Hopefully by next winter I'll be able to report back how an attached solar greenhouse impacts the performance.  We have section 12 or more feet long with no windows that will be inside the greenhouse, there's a doorway to one side and a double-hung window to the other that can let extra heat into the house if we choose to open them.  I imagine that the greenhouse will reduce the glare we currently get through the door since it will be diffused through the greenhouse glass first.

I see that someone mentioned various curtain arrangements but I can't report on that either since I don't have any yet!  Getting insulating window drapes to close at night should help out a lot though!

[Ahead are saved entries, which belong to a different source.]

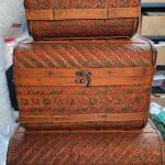 This three-piece vintage woven bamboo trunk set presents a beautifully… Read More →
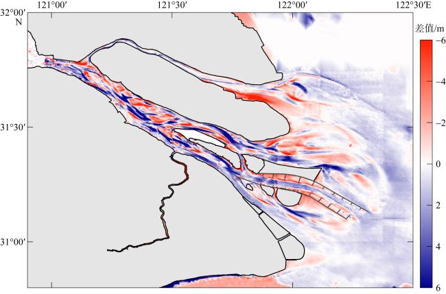 图3 2007年至2021年长江口水深变化该图基于自然资源部标准地图服务网站下载的审图号为GS(2019)3266号的标准地图制作, 底图无修改。红色表示淤积; 蓝色表示侵蚀 Fig. 3 Changes in the depth of the Changjiang Estuary from 2007 to 2021. Red indicates deposition; blue indicates erosion |
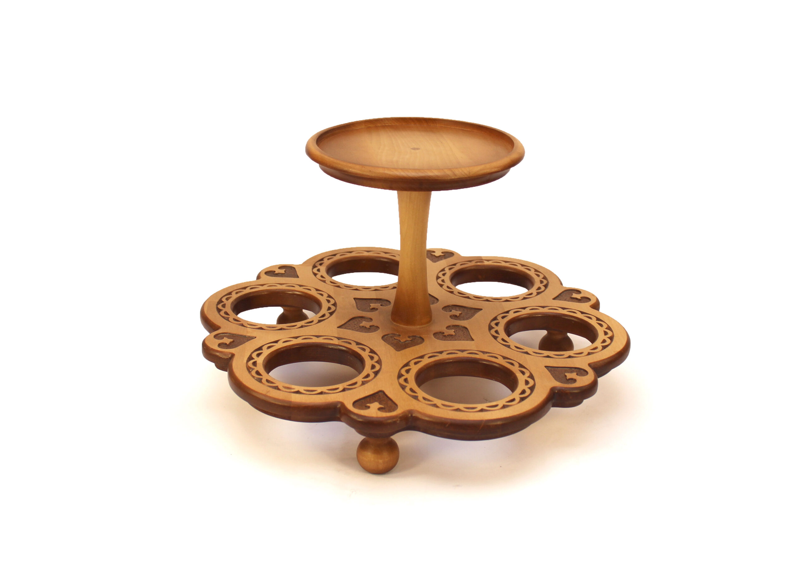 Внешние характеристики, описание. Резная двухуровневая подставка для тегеш и кесе стоит на круглых ножках-шариках. На нижнем ярусе вырезаны шесть отверстии специально под размер кесе. Каждое отверстие обрамлено по краям мелкой резьбой в виде полукруга. Подставка на верхнем уровне предназначена для тегеш. Экономит место на вашем столе.
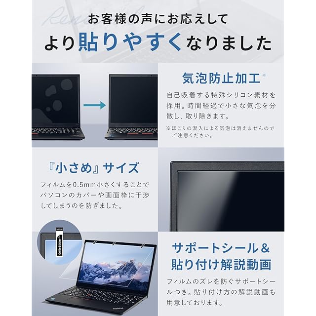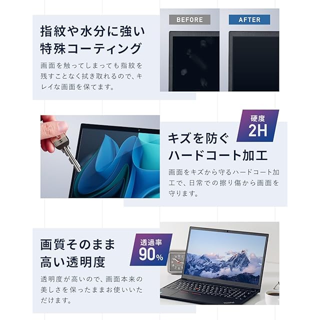 画質そのまま高い透明度:透明度が高いので、画面本来の美しさを保ったままお使いいただけます。
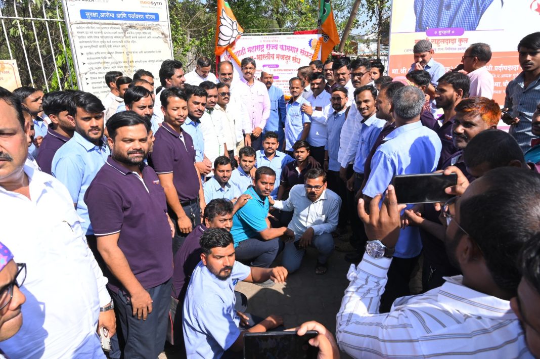 तळेगाव ढमढेरे – सणसवाडी रोडवरील एल अँड टी फाटा येथील नियोसिम इंडस्ट्री कंपनीमध्ये भारतीय जनता पार्टी प्रणित भारतीय मजदूर संघ संलग्न शिवशाही महाराष्ट्र राज्य कामगार संघटना नामफलक अनावरण सोहळा आरोग्यदूत आमदार राहुल कुल यांच्या हस्ते झाला. यावेळी पीडीसीसी बँकेचे संचालक प्रदीप कंद, भाजपा तालुकाध्यक्ष आबासाहेब सोनवणे, उद्योग आघाडीचे जिल्हाध्यक्ष संजय पाचंगे, भारतीय मजदूर संघ जिल्हाध्यक्ष अर्जुन चव्हाण, सरचिटणीस बाळासाहेब भुजबळ, सेवानिवृत्त तलाठी कैलास नरके, श्रीकांत ढमढेरे, संदीप ढमढेरे, भारतीय जनता पार्टीचे सर्व प्रमुख पदाधिकारी व कंपनी कामगार व्यवस्थापन तसेच सर्व कामगार व त्यांचे कुटुंबीय उपस्थित होते.
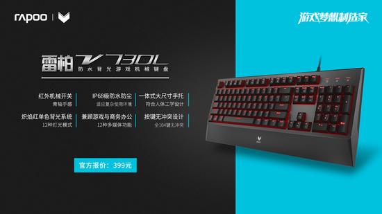 为全面布局网咖新品,将防水防尘设计做到极致,雷柏今日再推出一款拔尖新品——V730L防水背光游戏机械键盘,以扎实、沉稳的姿态浮出水面,售价399元,耐湿,更魅力四“溅”。
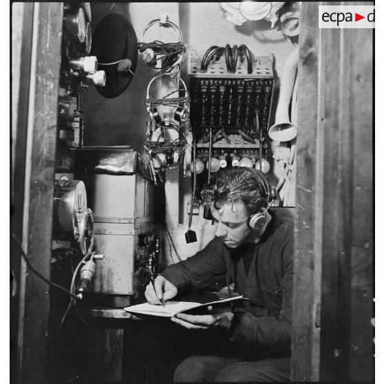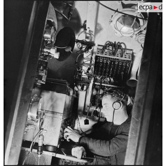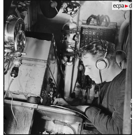 L'opérateur radio du sous-marin des FNFL (Forces navales françaises libres) la Minerve envoie ou réceptionne des messages depuis le poste central radio, au cours d'un exercice.
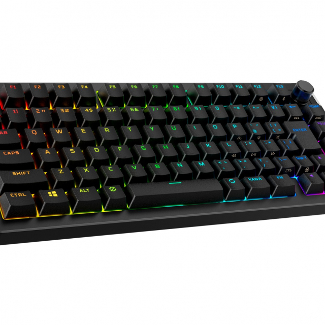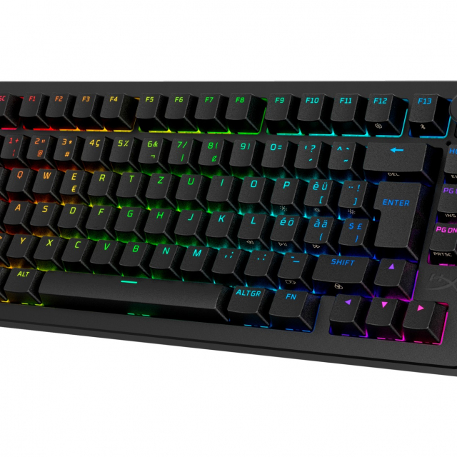 HYPERX Alloy Rise 75 Wireless RGB Mechanical Gaming Keyboard without Numlock (RU), Mechanical keys (HyperX Linear switches) Backlight (RGB), Tri-mode connectivity (Wired, BT, 2.4GHz), Ultra-customizable, Hot-swappable key switches, Ambient light sensor, Solid-steel frame, Up to 1500 hours of battery
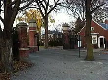 The land was purchased in 1913,[40] at a time when the city of Toronto was quickly growing around the college's Deer Park campus and the trustees were considering moving the school to a new location. Plans for buildings were drawn up by an architectural firm. However, due to the outbreak of the First World War and then the depression, the move was fully abandoned in the 1930s.[16] The college first attempted to sell the land in 1928 and again in 1935, but found no buyers.[70] Eventually, the property was developed into an outdoor education centre for UCC students and community. Beginning in 1913, an annual picnic was held at Norval, the first being catered by the King Edward Hotel. As the land had originally been cleared for agricultural use, much of the site was open field until over 700,000 seedlings were planted by staff and students through the 1940s,[71] followed by the creation of an arboretum in 1962.[70] The first bunk house was built in the 1930s and augmented in 1967 by another, larger residence and dining building known as Stephen House,[16] which won a Massey Medal for excellence in architecture for the designer, Blake Millar.[41] Stephen House contains a classroom and laboratory, in addition to the residential spaces for students and staff. There is also a bungalow-style residence for the property caretaker and in 2003 several log cabins were built for writing retreats.
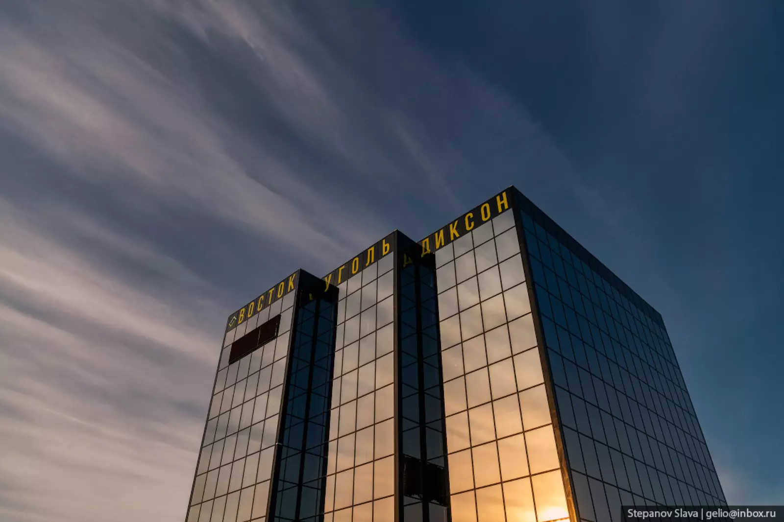 12. В 2015 году запустили масштабный проект по разработке угольных месторождений неподалёку от Диксона. Планировали в 2024 году построить в порту новый угольный терминал, организовать транспортировку. В то время говорили, что Диксон станет «мировой столицей Арктики». Именно тогда в городе появилось офисное здание, по местным меркам — небоскрёб. Судьба проекта сейчас непонятна — у предприятия сменился владелец и работы заморозили.
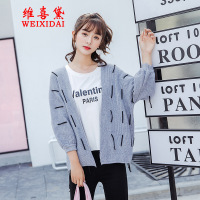 维喜黛2017秋季新款短款原宿风bf宽松百搭七分袖毛衣外套针织衫开衫
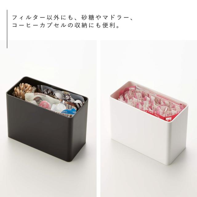 フィルター以外にも、砂糖やマドラー、コーヒーカプセルの収納にも便利です。
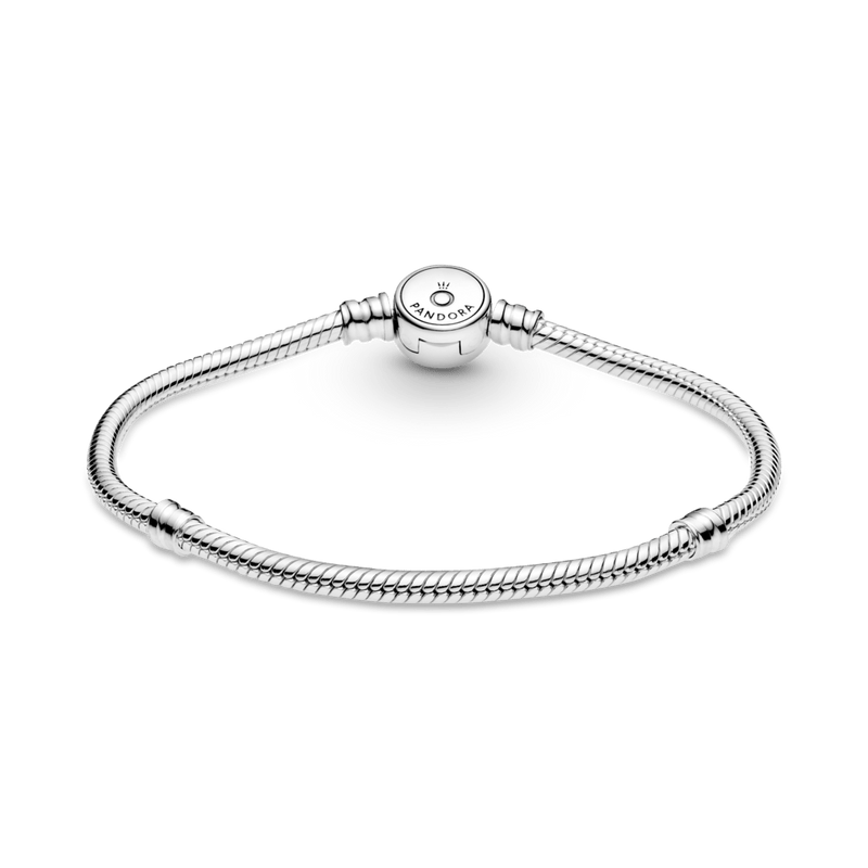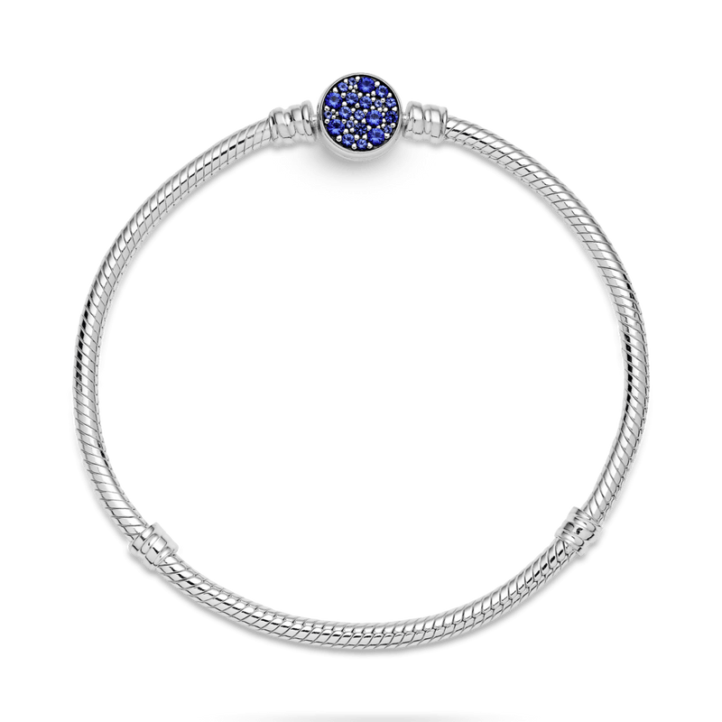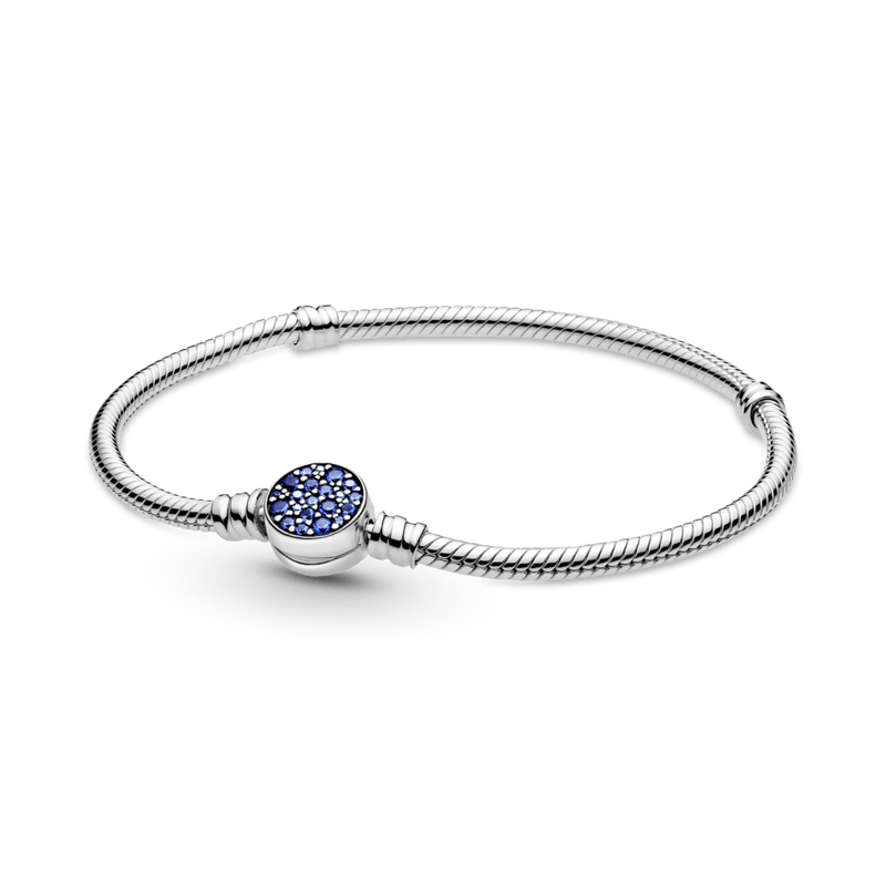 Brazalete Cadena de Serpiente Pandora Moments con Broche de Disco Azul Resplandeciente
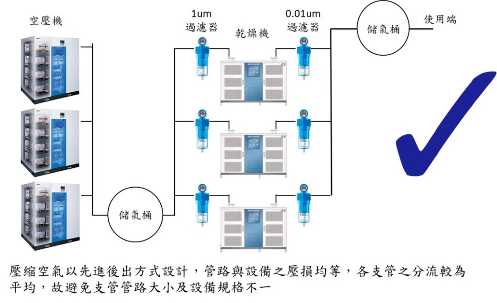 規格一致化: 雖然空壓機可採「大小配」來對應負載變化,但乾燥機與過濾器建議規格一致,以避免因大小壓降不均導致的空氣流動阻塞。
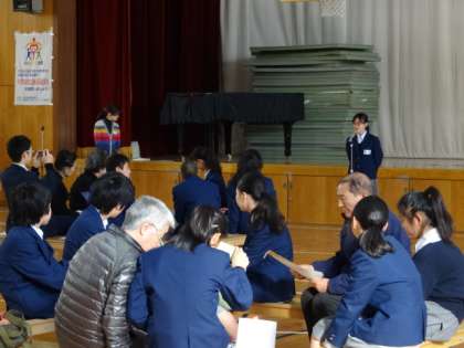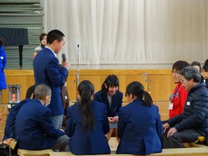 烏丸ふれあいトーク その3 公開日 2017/01/26 更新日 2017/01/26 学校の様子 先生の話になったグループもあったようですが・・・ 年齢差はあるけれど,色々な話ができて,とても刺激的な2時間でした。最後は各班から一人ずつ班の様子を発表してもらいました。どの代表生徒もしっかりと発表できました。最後は柳橋さんの挨拶で締めくくり,終了しました。 自分の思いを,自分の言葉で,直接相手に伝える事の大切さや,おもしろさをわかってくれましたか?
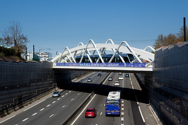 La solution retenue a été de construire un viaduc d’un seul tenant, avec une travée unique dédiée à la plateforme du tramway.
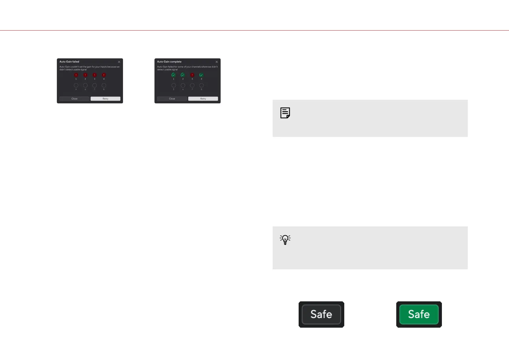Multichannel Auto Gain kan tijdens het proces mislukken voor één, meerdere of alle kanalen. Als
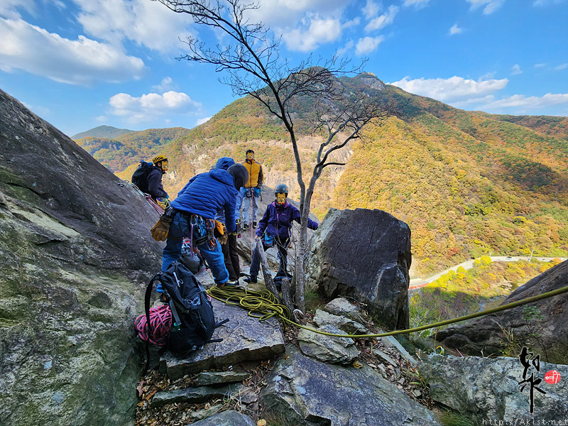 한참을 지나 자일이 올라가기 시작하고, 곧 이어 등반 완료 소리가 들렸다.

Nothing's perfect but I will say that I'm extremely happy with the performance of passive solar in my climate.  Over Christmas I was gone for 8 days and with no supplemental heat in MN I came home to 55 F downstairs and 60F upstairs!
Good luck!  Hope this helped!
7 years ago
Hi Starr,

I still check this out occasionally, missed the notification this time.  I'm not very close to Duluth, much closer to Iowa.  I know of permie groups in the twin cities and there has been a get together around labor day at harmony park north of Albert Lea for several years now.  I'll mention to that they hosted the north american permaculture convergence in 2014 in case you missed it.